Abatement Advisory Board Declines to Catch a Falling Star

It’s been a bad few days for the Kansas City Star. Last week, the Kansas City Business Journal reported that the Star was seeking a 15-year extension to the abatement it has on its downtown production facility, which ended last year. If approved, the extension would be worth millions of dollars for the newspaper.

But prospects for the Star’s extension dimmed a bit on Wednesday when the city’s Chapter 353 Advisory Board, in unexpectedly harsh terms, recommended the city deny the newspaper’s request.

Advisory Board Chairman Michael Duffy made the motion to recommend denial, giving two primary reasons. For one, Duffy said, Chapter 353 abatements were intended to be used as redevelopment incentives, “not as a bailout provision for a troubled business.” In addition, Duffy said, the Star’s request appears to be “an end run around an adverse county determination of fair market valuation.”

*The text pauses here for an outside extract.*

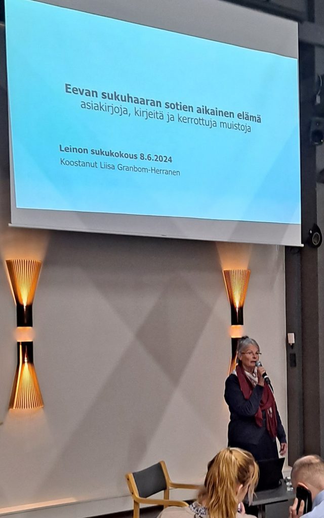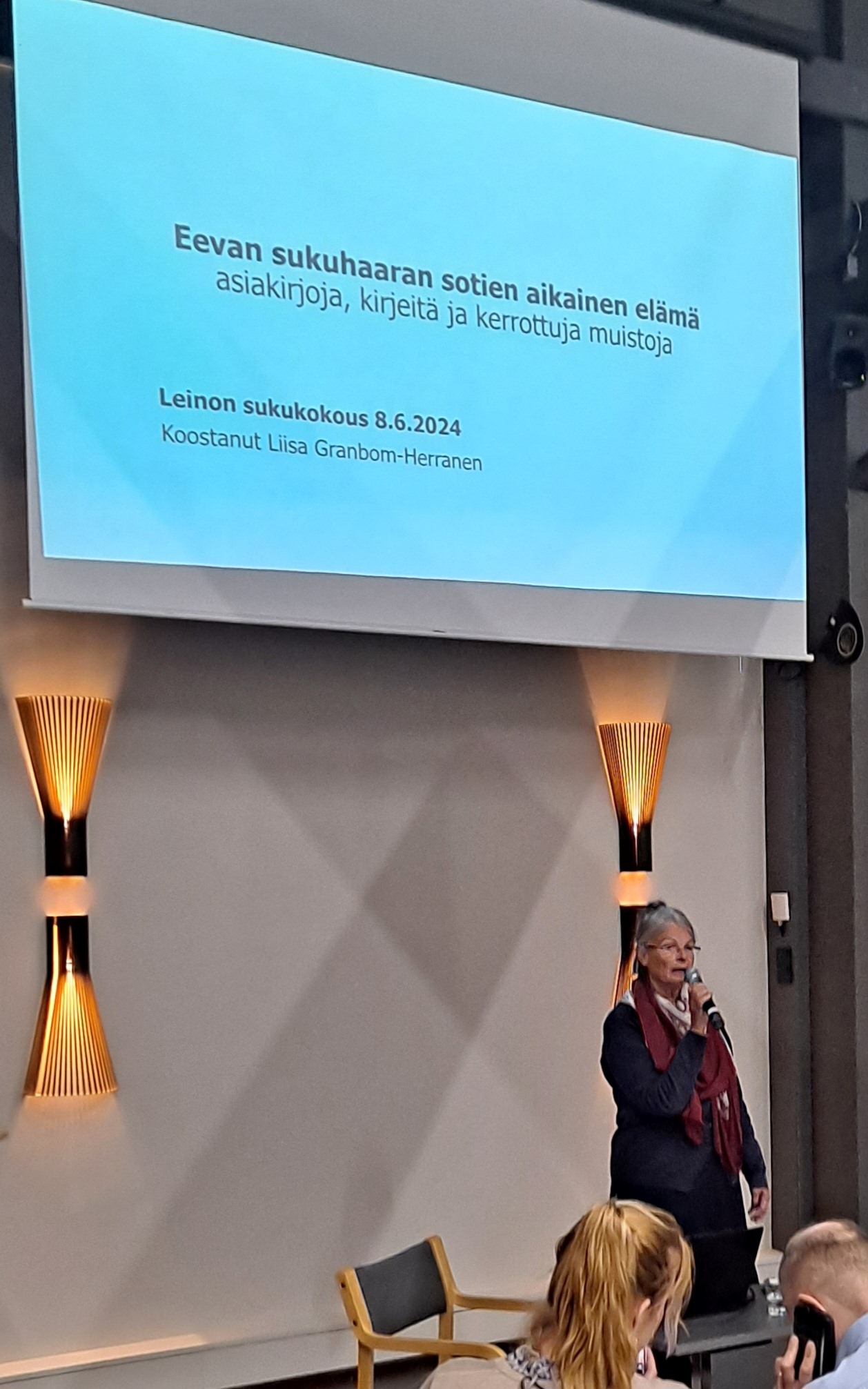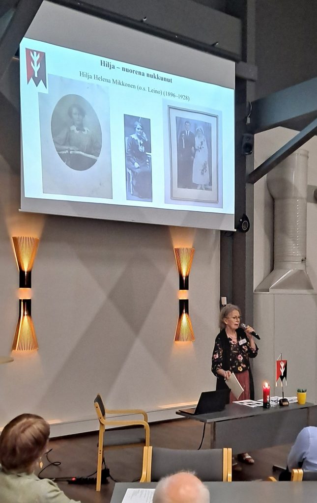 Pienen tauon jälkeen saimme kuulla mielenkiintoiset esitykset sukuhistoriasta. Paula Kokkonen kertoi tutkimuksistaan Hilja Mikkosen os. Leinon historiasta otsikolla ”Hilja nuorena nukkunut”. Liisa Granbom-Herranen kertoi Eevan sukuhaaran historiasta ja sukuhaaran sodan aikaisesta elämästä. Esitykset sisälsivät hienoja historiallisia kuvia ja artikkeleita.

According to the Business Journal, without the abatement the Star’s property taxes could accelerate from less than $100,000 each year to around $1.3 million annually. That’s a hefty chunk of change to be sure, but remember: It’s a chunk of change that the newspaper hasn’t had to pay for the last decade. Put another way, the Star’s present abatement meant millions of dollars did not go to public services in Kansas City; denial of this extension would allow the newspaper to fully fund its obligations to the city’s schools going forward.

Chairman Duffy’s suggestion that an abatement shouldn’t be a “bailout provision for a troubled business” is exactly right. If an enterprise cannot make it on the strength of the value it brings to the market, it is not the obligation of taxpayers to make it profitable. If the government is the only thing that can make a business work, then the business isn’t working (*cough cough* convention hotels *cough*).

But this week’s news is unlikely to be the end of the Star’s abatement story. We’ll keep you posted.

Kauffman Foundation Releases New Education Data Tool

Are you looking for a new school for your child? Are you curious to know how your child’s school stacks up to others across the state? Do you want to know if your hard-earned property tax dollars are being put to good use? You’re in luck!

This week the Kauffman Foundation released Edwise, an “online tool to help parents, educators, school districts, policymakers, and the public make informed education decisions.” It has comparable data for every school and district in Missouri (and some in Kansas) on everything from ACT scores to enrollment to student-teacher ratios.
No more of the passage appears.